___ PROVIDED ENTRIES ___
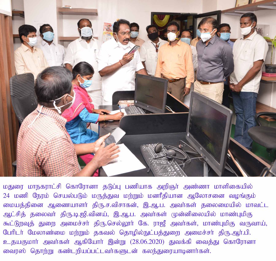 Tamil Nadu Ministers Mr.Sellur K.Raju and Mr.R.B.Udayakumar have opened the counselling centre in Madurai on 28th June 2020 in the presence of Madurai District Collector Dr.T.G.Vinay, Madurai Corporation Commissioner Mr.S.Visakan and public health officials.
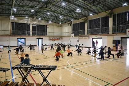 2年生は「コマとけん玉のパフォーマンス」、練習の成果を出すために皆一生懸命に取り組みました。様々な技を披露して、満足そうな表情を浮かべていました。
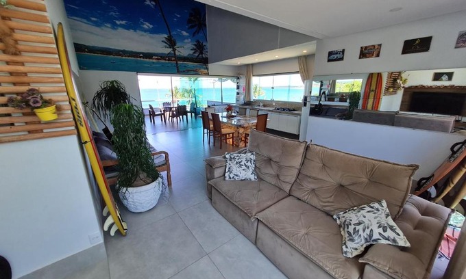 Frente para o Mar MEAIPE offers accommodations in Guarapari, 1.1 miles from Sant'Ana Church and 5.9 miles from Davino Matos Stadium. This beachfront property offers access to free Wifi. Staff on site can arrange a shuttle service. Offering a balcony and sea views, the spacious vacation home includes 2 bedrooms, a living room, satellite flat-screen TV, an equipped kitchen, and 3 bathrooms with a walk-in shower and a bidet. A private entrance leads guests into the vacation home, where they can enjoy some wine or champagne and fruit. The property has an outdoor dining area. Guests at the vacation home will be able to enjoy activities in and around Guarapari, like diving, cycling, and fishing. Outdoor play equipment is also available for guests at Frente para o Mar MEAIPE. Popular points of interest near the accommodation include Meaípe Beach, Padres Beach, and Bacutia Beach.
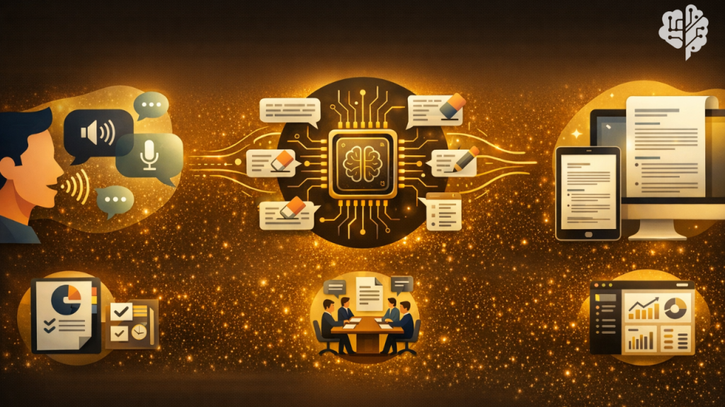 شرح تعليمي لأداة Wispr Flow التي تعتمد على الذكاء الاصطناعي لتحويل الكلام إلى نص مكتوب منسق وجاهز للاستخدام المهني، مع توضيح استخداماتها العملية.
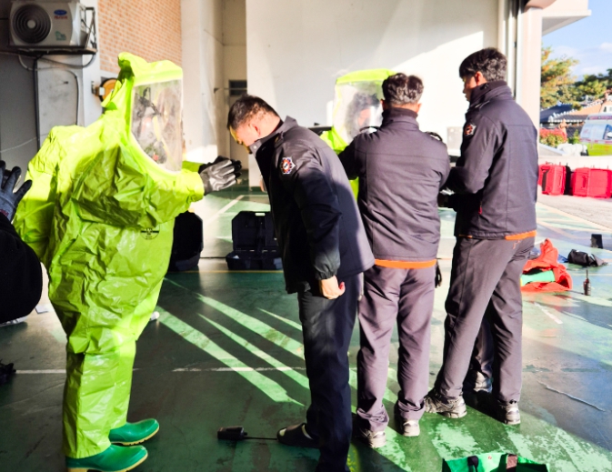 이어서 보건소 초동대응요원을 대상으로 개인 보호복(Level A)의 착·탈의 방법과 공기호흡기 사용법 등 실습 교육을 실시해 현장대응능력을 강화했다.
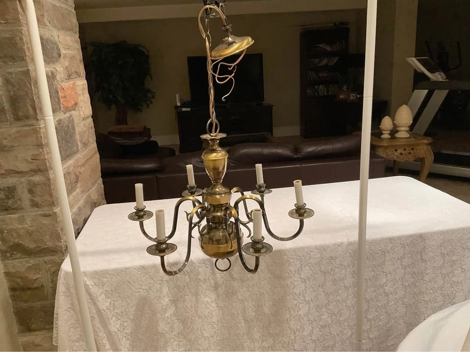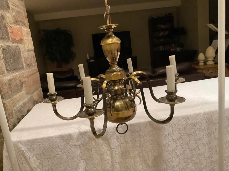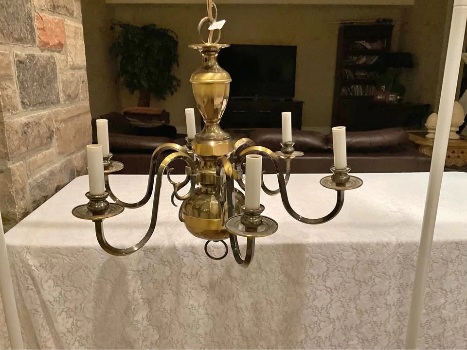 Stunning vintage Mid Century brass traditional chandelier made in Spain by Pradas. Excellent condition! Very heavy solid brass piece. Light arm to light arm circumference is 23 1/2 inches. Chain is 16 inches. Top of fixture to bottom is 18 1/2 inches (not including chain). Bottom circumference is 17 inches. From a smoke & pet free home. Cash only in Richmond Hill (Bathurst & King Rd).
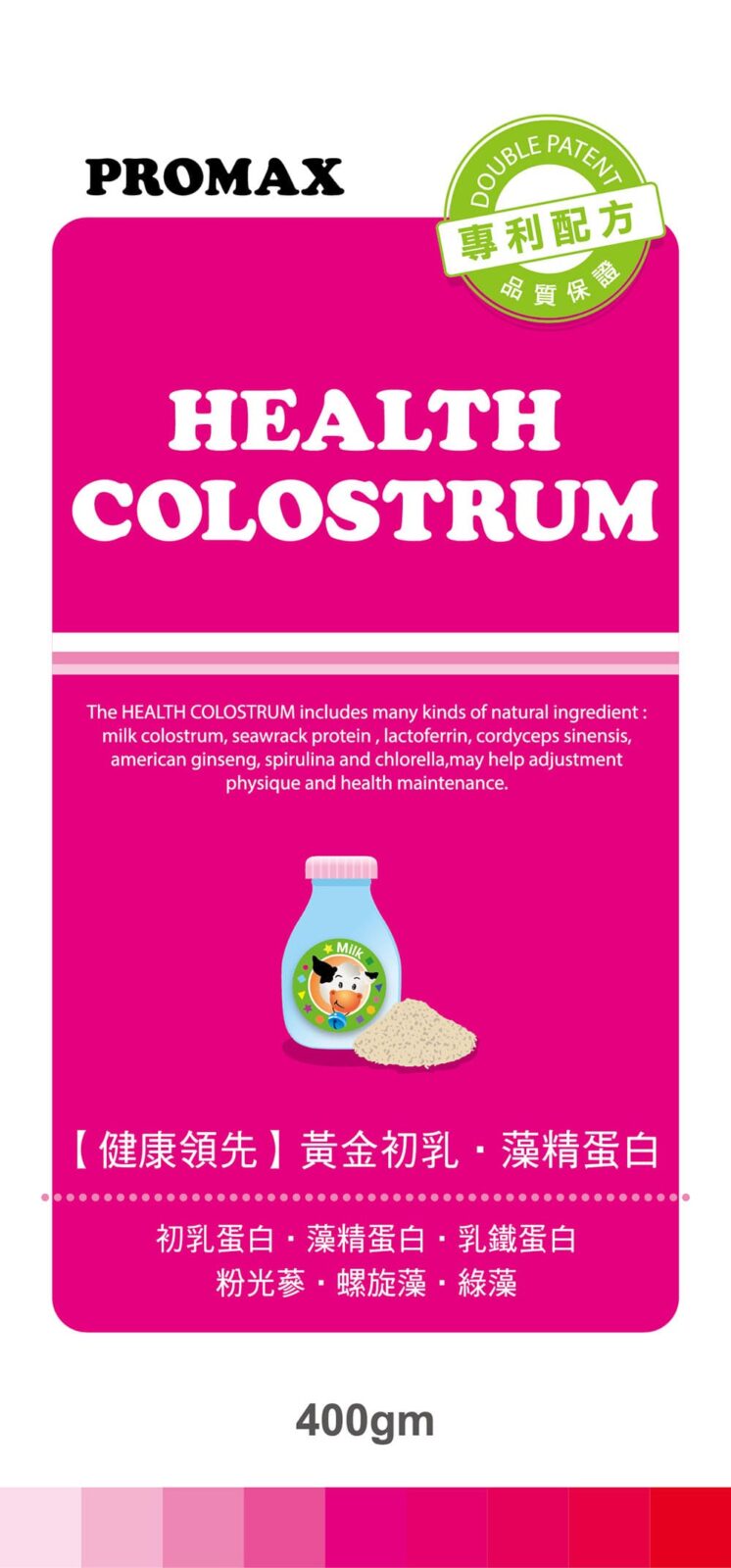 成分:牛奶固形物、牛奶萃取物(含乳清蛋白、乳鐵蛋白、L-麩醯胺酸)、黃金牛初乳蛋白粉、藻類萃取物(含藻精蛋白)、啤酒酵母、專利LABCOTTM乳酸菌(1X1010 cfu/g)、果寡醣、螺旋藻(藍藻)、綠藻、檸檬酸鈣、黃金菊、粉光蔘、花粉、碳酸鈣、維生素C、本多酸鈣、菸鹼酸胺、重酒石酸膽鹼、肌醇、葡萄糖酸亞鐵、氧化鋅、維生素B2、維生素B6、維生素B1、葉酸、生物素、維生素B12、維生素D3。
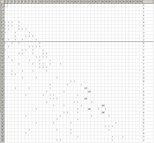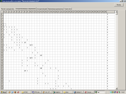Содержит сгенерированную матрицу следования алгоритма. В крайнем правом столбце приведены веса операторов, веса связей не приводятся, что бы можно было легче анализировать матрицу визуально.
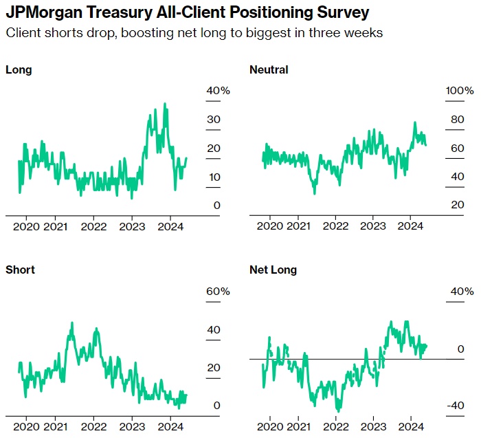 在截至6月3日的一周内,摩根大通美国国债客户小幅增加多头头寸,将直接头寸推高至3月25日以来最高水平,为1月29日以来最少的中性头寸。本周空头头寸持平。
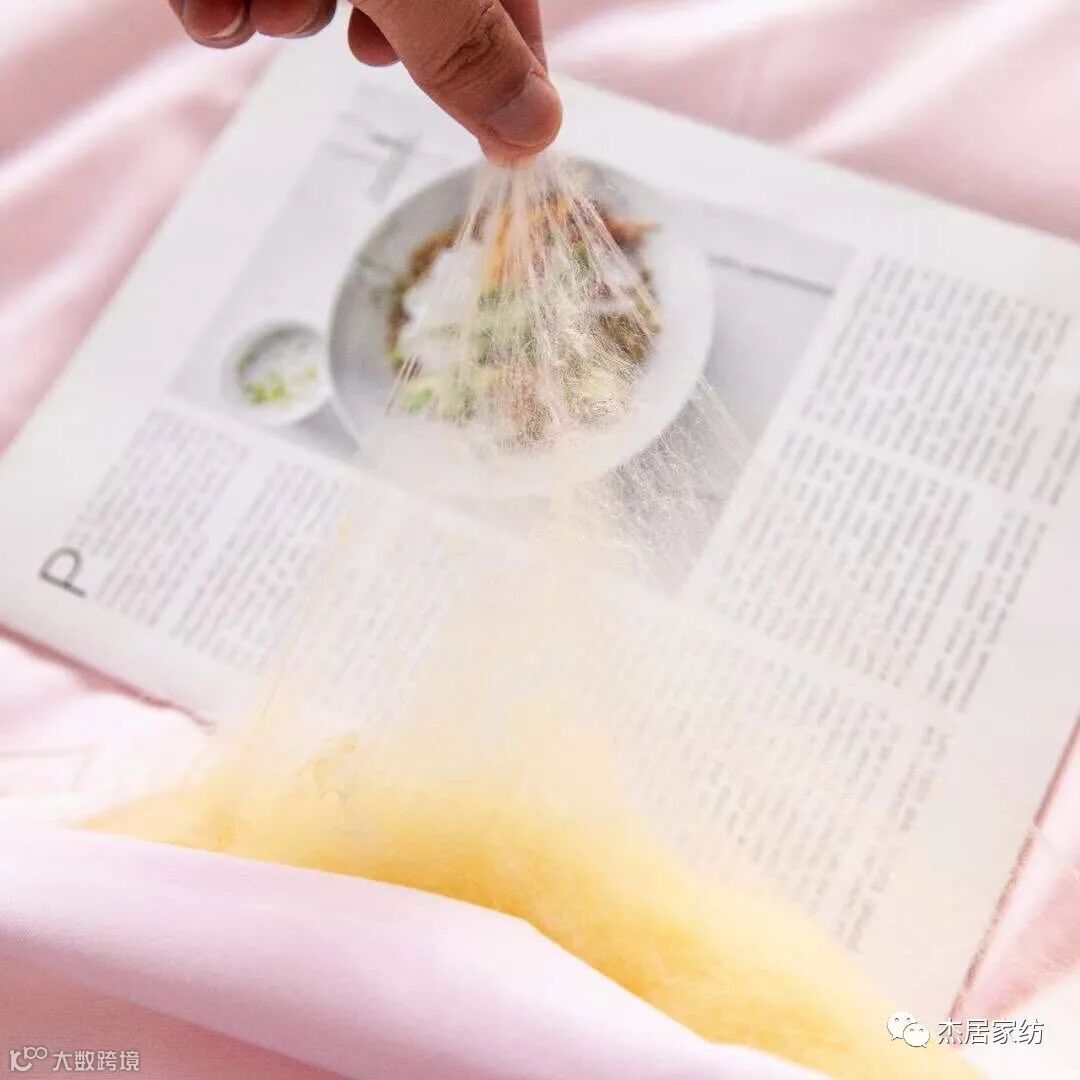 工艺:面料采用蚕蛹蛋白制作,填充黄金桑蚕丝
___
ABOUT THIS EXERCISE - Each line, from the beginning of the listing to the line bearing "2年生は「コマとけん玉のパフ" inclusive, should be copied exactly; the pictures stay out.

RESPONSE TO THE TASK -
 Tamil Nadu Ministers Mr.Sellur K.Raju and Mr.R.B.Udayakumar have opened the counselling centre in Madurai on 28th June 2020 in the presence of Madurai District Collector Dr.T.G.Vinay, Madurai Corporation Commissioner Mr.S.Visakan and public health officials.
 2年生は「コマとけん玉のパフォーマンス」、練習の成果を出すために皆一生懸命に取り組みました。様々な技を披露して、満足そうな表情を浮かべていました。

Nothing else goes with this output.